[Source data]
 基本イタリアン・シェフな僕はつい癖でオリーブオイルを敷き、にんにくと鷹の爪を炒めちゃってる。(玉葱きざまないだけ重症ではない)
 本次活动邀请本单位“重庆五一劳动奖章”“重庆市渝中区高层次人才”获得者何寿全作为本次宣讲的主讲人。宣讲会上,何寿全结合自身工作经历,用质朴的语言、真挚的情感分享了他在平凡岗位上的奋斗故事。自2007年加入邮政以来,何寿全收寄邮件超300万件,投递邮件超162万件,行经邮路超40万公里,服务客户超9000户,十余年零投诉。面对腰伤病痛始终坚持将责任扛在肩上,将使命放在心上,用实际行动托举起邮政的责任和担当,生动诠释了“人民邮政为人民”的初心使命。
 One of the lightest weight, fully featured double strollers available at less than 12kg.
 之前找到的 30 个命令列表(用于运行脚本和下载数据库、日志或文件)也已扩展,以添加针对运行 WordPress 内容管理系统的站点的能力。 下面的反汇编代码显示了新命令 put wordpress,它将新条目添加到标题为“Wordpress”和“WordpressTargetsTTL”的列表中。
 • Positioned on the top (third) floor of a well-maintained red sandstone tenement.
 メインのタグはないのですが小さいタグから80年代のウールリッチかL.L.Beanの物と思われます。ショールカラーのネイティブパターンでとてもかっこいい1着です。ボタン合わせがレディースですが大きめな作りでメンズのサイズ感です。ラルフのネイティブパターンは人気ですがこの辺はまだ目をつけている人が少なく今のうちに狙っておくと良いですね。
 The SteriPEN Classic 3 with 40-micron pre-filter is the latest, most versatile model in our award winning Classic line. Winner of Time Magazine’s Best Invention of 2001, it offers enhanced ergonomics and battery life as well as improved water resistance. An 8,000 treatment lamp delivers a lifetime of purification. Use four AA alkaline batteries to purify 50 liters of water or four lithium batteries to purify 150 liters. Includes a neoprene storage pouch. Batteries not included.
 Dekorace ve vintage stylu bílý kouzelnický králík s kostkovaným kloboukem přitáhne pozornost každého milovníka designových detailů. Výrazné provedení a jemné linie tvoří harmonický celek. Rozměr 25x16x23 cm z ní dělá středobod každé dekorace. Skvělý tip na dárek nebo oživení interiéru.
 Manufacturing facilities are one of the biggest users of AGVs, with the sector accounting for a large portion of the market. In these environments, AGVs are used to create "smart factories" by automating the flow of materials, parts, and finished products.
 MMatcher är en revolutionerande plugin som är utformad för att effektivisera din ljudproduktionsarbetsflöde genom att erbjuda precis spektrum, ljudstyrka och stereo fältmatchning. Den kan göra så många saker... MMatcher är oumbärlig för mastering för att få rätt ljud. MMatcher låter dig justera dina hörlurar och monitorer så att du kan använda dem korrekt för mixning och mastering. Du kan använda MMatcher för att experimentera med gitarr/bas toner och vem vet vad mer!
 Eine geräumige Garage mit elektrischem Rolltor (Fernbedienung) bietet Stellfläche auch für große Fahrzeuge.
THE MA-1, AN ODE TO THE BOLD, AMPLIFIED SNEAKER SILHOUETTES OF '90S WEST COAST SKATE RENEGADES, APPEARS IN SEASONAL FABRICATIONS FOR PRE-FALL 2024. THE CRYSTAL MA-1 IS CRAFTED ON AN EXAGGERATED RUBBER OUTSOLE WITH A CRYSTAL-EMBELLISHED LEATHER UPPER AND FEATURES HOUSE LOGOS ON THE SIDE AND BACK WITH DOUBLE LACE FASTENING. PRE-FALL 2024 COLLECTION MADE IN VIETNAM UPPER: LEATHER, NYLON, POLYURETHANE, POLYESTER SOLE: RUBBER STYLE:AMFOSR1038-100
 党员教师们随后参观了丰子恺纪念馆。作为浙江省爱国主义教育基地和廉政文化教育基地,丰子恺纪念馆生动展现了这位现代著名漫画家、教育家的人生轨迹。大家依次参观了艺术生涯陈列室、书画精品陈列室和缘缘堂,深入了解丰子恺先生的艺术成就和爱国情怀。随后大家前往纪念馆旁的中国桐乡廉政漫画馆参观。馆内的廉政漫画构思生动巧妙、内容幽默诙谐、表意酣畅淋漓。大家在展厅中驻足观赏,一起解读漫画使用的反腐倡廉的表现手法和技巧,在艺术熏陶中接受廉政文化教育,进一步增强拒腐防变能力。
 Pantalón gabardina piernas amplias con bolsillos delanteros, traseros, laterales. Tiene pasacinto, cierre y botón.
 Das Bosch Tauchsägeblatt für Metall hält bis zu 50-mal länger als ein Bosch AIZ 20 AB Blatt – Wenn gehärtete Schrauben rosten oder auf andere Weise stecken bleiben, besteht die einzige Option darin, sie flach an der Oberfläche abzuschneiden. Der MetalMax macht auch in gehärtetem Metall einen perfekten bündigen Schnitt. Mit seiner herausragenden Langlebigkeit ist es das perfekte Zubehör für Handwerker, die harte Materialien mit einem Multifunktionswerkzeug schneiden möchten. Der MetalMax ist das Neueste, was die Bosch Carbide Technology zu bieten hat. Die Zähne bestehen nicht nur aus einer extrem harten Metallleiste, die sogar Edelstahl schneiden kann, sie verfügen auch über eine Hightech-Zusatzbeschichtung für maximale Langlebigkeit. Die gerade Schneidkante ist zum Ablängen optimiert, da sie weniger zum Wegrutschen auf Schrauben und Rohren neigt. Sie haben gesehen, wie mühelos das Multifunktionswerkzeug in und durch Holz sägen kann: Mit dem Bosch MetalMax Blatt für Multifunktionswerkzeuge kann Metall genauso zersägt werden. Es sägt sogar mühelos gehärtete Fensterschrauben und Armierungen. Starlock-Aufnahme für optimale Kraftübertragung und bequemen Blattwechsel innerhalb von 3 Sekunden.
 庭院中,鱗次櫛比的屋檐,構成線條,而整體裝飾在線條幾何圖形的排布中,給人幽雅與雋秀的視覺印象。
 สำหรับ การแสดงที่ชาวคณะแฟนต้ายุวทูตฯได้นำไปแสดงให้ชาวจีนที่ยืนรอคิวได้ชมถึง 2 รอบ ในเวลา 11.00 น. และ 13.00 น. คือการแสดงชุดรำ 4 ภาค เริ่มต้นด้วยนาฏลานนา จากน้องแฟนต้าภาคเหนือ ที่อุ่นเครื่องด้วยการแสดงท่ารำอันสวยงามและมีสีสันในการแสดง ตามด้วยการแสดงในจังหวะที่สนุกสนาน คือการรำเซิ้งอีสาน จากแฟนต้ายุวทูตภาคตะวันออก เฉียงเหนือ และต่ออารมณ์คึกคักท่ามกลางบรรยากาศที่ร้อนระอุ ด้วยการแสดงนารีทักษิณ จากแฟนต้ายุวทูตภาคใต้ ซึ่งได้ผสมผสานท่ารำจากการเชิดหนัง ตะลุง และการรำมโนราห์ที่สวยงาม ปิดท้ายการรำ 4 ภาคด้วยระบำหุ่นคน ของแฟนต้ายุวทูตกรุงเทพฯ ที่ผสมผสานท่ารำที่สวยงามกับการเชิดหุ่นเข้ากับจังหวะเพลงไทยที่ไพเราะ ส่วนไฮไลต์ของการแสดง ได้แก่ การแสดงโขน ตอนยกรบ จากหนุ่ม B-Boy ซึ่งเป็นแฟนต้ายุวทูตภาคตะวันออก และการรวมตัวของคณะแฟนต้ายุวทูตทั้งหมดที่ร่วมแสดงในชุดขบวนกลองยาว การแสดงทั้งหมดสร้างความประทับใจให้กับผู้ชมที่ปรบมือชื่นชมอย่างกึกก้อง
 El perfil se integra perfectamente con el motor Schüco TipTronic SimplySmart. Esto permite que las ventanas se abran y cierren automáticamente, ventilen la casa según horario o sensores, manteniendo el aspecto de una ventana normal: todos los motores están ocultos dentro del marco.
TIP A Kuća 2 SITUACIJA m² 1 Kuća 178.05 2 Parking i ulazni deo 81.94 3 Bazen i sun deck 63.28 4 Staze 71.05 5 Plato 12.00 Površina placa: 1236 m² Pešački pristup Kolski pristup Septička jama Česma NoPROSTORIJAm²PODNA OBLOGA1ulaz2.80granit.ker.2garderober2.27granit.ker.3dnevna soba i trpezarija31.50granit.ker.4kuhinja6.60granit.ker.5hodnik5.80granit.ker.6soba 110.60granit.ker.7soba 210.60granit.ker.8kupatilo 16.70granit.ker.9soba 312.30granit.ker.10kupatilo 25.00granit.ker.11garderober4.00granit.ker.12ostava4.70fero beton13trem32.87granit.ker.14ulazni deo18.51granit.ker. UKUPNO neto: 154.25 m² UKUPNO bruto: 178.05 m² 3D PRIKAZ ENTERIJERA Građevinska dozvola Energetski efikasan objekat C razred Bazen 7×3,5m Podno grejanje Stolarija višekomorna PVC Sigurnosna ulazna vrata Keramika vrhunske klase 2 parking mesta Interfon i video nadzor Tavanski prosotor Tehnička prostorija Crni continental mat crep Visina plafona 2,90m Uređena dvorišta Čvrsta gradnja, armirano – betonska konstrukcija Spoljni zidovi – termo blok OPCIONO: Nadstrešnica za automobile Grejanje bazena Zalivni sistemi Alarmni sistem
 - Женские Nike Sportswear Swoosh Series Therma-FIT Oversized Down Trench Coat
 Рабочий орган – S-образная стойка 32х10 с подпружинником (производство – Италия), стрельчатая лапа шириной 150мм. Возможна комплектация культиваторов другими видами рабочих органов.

• [ASSIGNED TASK] Which lines in the data above hold the string "well"? Show each one.

• [PROBLEM SOLUTION]
 • Positioned on the top (third) floor of a well-maintained red sandstone tenement.
 The SteriPEN Classic 3 with 40-micron pre-filter is the latest, most versatile model in our award winning Classic line. Winner of Time Magazine’s Best Invention of 2001, it offers enhanced ergonomics and battery life as well as improved water resistance. An 8,000 treatment lamp delivers a lifetime of purification. Use four AA alkaline batteries to purify 50 liters of water or four lithium batteries to purify 150 liters. Includes a neoprene storage pouch. Batteries not included.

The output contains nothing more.